Why a 'Running' output? The OP asked for a method to generate one
clock cycle wide pulses to start and stop other things. There isn't
necessarily a need for anything outside of the state machine to know
when things are 'running' and the state machine doesn't need any
additional signal to indicate to itself that it is running.
Oh puh-leeze! I just wanted a very simple example of an
output that is a pure function of state, to contrast it
with the outputs that get asserted only for one cycle on
state transitions. Yes, of course it's redundant.
[...]
I think you meant to set Stop to '1' above
Indeed I did. Whoops.
Your example shows two case statements, you set output
signals in each one but there is no rationale for why the output that
you came up with called 'Running' should not be set in the first case
statement along with the other outputs 'Start' and 'Stop'
Yes there is! That's the whole point! Given that I've defaulted
all the outputs to false at the top of the process (often a good
idea, because in my experience FSMs tend to have fairly sparse
outputs) the outputs that are written in the "transition" case
statement will be asserted for one clock on the transition, and
the outputs that are written in the second case statement will
be asserted for the whole time the FSM is in the chosen state.
or in fact
why it is even inside the clocked process at all since it is simply a
decode of being in the 'Run' state. Do you have a justification for
why 'Running' is treated differently than 'Start' and 'Stop'? Even if
'Running' was more than a simple state decode, it would've been more
appropriate to assign it inside the 'if' statements along with 'Start'
and 'Stop' than totally separate as you've shown.
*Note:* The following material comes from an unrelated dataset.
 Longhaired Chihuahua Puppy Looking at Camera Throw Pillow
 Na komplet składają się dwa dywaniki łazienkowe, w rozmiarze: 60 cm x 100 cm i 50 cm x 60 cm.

Wrong. If I were to assert Running in the transition case
statement, I would need to find some way to keep it asserted
throughout the Run state:
Start <= '0';
Stop <= '0';
Running <= '0';
case state is
when Idle =>
if Go then
state <= Run;
Start <= '1'; -- one-shot
Running <= '1'; -- sticky
end if;
when Run =>
if Go = '0' then
state <= Idle;
Stop <= '1';
else
Running <= '1';
end if;
end case;
That's messy, and introduces a disconnect between the code
and a state transition diagram. It's also very verbose in
non-trivial FSMs, because I need to set the output variable
on EVERY state transition into each state for which the
output is asserted; sometimes there are many such
transitions, from all over the state machine, and it
gets tedious and hard to maintain.
If the state variable were a signal, I could easily have
made "Running" be a combinational decode of state. But I wanted
it registered, and I like my FSMs to be in a single process.
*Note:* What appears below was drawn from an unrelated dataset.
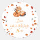 Un bébé brasse Citrouille épice Baby shower café Aimer Votre message Ici Sticker rond classique Toute la formulation peut être customisée
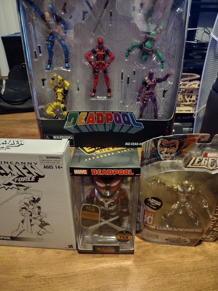 I have some Deadpool and wolverine figures. All are new and never opened. The boxes do have some wear and scratches. Please ask any questions before buying thank you.

Getting registered Moore-style (pure function of state) outputs
in a single-process FSM with a state SIGNAL requires you to set
those outputs on state transitions, which breaks the one-to-one
mapping from state transition diagram to code. Since I still
find state transition diagrams a useful thinking tool, that
matters to me very much.
In any case, your example is at least 30-40% more verbose* than it
needs to be,
That doesn't much bother me.
it's not any clearer for that extra typing,
If I thought you were right, then that most certainly
would bother me. But I disagree.
it didn't
demonstrate some of the things you claimed (i.e. "another reason for
using a state variable"
OK, I exaggerated. It's the same old reason for using a
variable in a clocked process: the only one that really
makes a difference, and the one that lets me do all manner
of things that would be tedious otherwise:
A variable in a clocked process gives you access to the
NEXT-state value of the flops, which is impossible any
other way in a single process.
and "clear distinction between...").
What could be a clearer distinction than this:
outputs assigned in the first case statement
are asserted for only one clock, outputs
assigned in the second case statement are
asserted throughout the chosen state. I'd
love to know what definition of "distinction"
I'd need to meet if that doesn't satisfy you
your example did show "No edge detectors, no extra states"...nobody
posted anything showing 'extra states' to begin with.
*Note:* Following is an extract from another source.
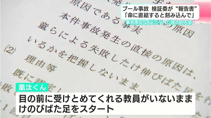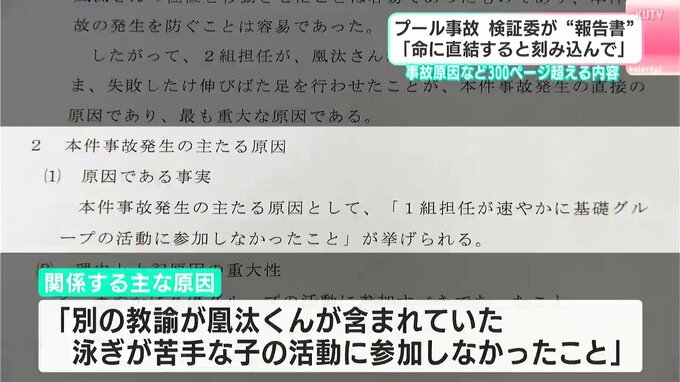 この中で直接的な原因として「教諭の一人が凰汰くんの居場所を把握しないまま授業を進めたこと」と認定。凰汰くんは6月に行われた授業で一度溺れかけていて、特に注意が必要な児童だったにも関わらず、位置関係や姿を認識せず、凰汰くんは目の前に、受けとめてくれる教員がいないまま、けのびばた足をスタートしたと指摘しています。

No, but extra states is an obvious possible solution
and one that I have sometimes seen.
I don't have any particular issue with code that is different from how
I might write it, that is a good thing. When claims are made that are
not backed up by anything though it's worth asking what the reasoning
behind it is.
You asked, I answered
* Verbosity was determined from your posted code (39 lines of text)
versus my version which is functionally identical that takes 30 lines
of code (or 28 if you remove the block statements and assume the
signal declaration is moved up into the signal declarations for the
architecture. My code posted below.
The key difference is that your "Running" output is not registered.
(I know it will in this case be exactly the state flop, but in general
there's some decode logic in the way). Sometimes that matters.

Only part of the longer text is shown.